Richard Laughlin of Laughlin Homes & Restoration is a longtime resident and specialized builder in Texas Hill County. For over 38 years, he has collaborated with prospective owners and expert craftsmen that manifest dreams into a place that is home for many. His homes, as he states, are like “jewelry” to those that commission him. They tell a story and are a deep reflection of what matters to those who collaborate with Laughlin to build their vision.
Ingrid and Andy Pepper are just these people that commissioned Laughlin. In fact, the Pepper project is the second (just north of Fredericksburg) in the past 15 years since knowing Laughlin.
Andy is from England and a former geologist; his wife Ingrid is South African. They commissioned Laughin three years ago to what the Laughlin team terms the “Pepper Project.”
The mission was defined collaboratively by Laughlin and the Peppers themselves, along with the help of Douglas Grona (who has worked with Laughlin for over 35 years), Martin Ortiz, a reclaimed wood specialist, and Schumann Granite.
“Andy and Ingrid are very worldly, and have museum-quality pieces that we wanted to incorporate into their home build,” Laughlin said. “For instance, the large urn needed light, room and space; the piece over the range was a piece of iron that we framed and incorporated in the kitchen.”
Schumann Granite did an exceptional build on the over counter slab that highlights the center island.
This personality project also reflects what Laughlin likes to incorporate with his clients, just as he likes to make his projects personal.
“Andy had this stone sink of his mother’s from England. We utilized this in one of their bathrooms,” Laughlin said. “This reflects our clients’ personality and getting something different when you are hands-on building with ideas that reflect a person.”

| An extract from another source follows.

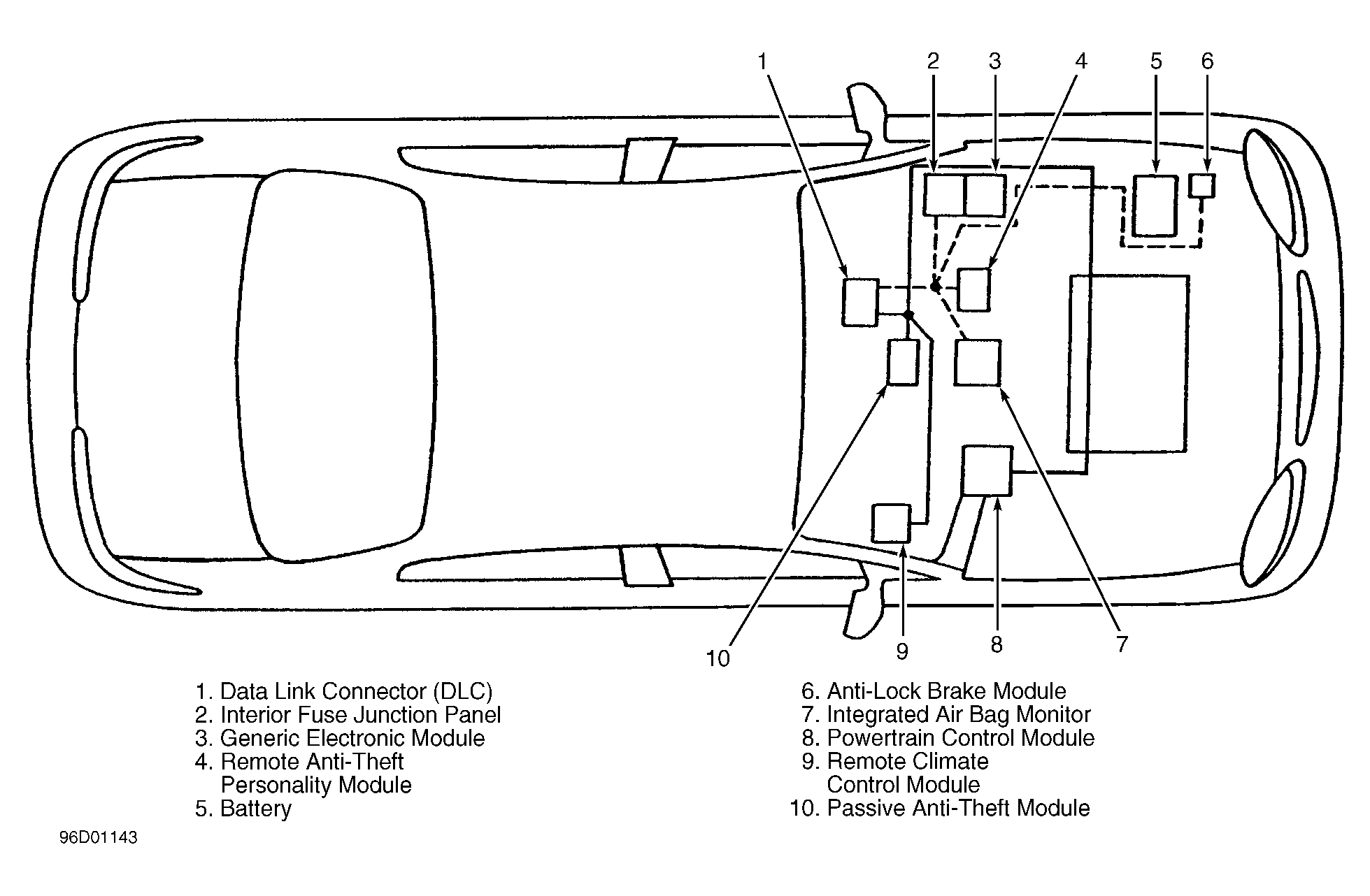 The data bus lines are routed throughout the vehicle to each module as a common "bus" or party line where all modules share information. See Fig 1 . Information on data lines is transmitted in a pulse width type code. Any module can transmit or receive information equally, there is no "master" module. If more than one module attempts to send information at the same time, the message with highest priority is given network access first. This addressing scheme is known as Standard Corporate Protocol (SCP).

The wood staircase was imagined with an in-person meeting with Monty Schumann, who forged the iron staircase. Together, Laughlin and Schumann designed on site with the vision of having an open, modern staircase that utilized historic elements (reclaimed wood) and let in light.
Martin Ortiz is another partner of Laughlin’s for the past ten years. Ortiz travels frequently to obtain reclaimed wood for projects such as the Pepper’s.

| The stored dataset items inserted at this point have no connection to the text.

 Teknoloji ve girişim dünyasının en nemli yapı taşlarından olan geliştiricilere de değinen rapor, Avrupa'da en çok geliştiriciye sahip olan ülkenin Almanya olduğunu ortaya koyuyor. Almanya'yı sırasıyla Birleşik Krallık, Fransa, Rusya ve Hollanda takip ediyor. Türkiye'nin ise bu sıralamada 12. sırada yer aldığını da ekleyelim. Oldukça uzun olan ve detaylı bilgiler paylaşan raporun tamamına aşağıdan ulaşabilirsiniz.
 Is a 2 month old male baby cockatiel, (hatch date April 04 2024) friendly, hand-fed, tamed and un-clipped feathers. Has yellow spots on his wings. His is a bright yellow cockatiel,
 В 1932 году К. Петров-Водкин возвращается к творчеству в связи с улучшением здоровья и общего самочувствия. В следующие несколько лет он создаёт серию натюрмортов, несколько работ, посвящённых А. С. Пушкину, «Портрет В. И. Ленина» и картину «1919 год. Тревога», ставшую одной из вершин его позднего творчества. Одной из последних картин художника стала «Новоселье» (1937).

“Basically everything you touch and see inside this home is reclaimed wood. The wood beams are mortise and tenon joints with ‘tree nails’,” Laughlin said. “They are all nonstructural beams that were added to the initial structure to compliment the clients’ taste for preservation, texture and earthiness.”
Laughlin is receptive to collaborating with clients and wants to have their influence reflected in what he terms “structural art, just on a bigger scale.” Because Andy Pepper was a former geologist, he wanted to make certain that the limestone that was quarried told a story. So, the oldest exposed interior foundation rock is the oldest leading up to the newest.
“I love when I get to work with clients that see a different way to look at materials, rather than just based on the materials’ value alone,” Laughlin said. “It tells a story and is a personal reflection of our clients’ interest and taste.”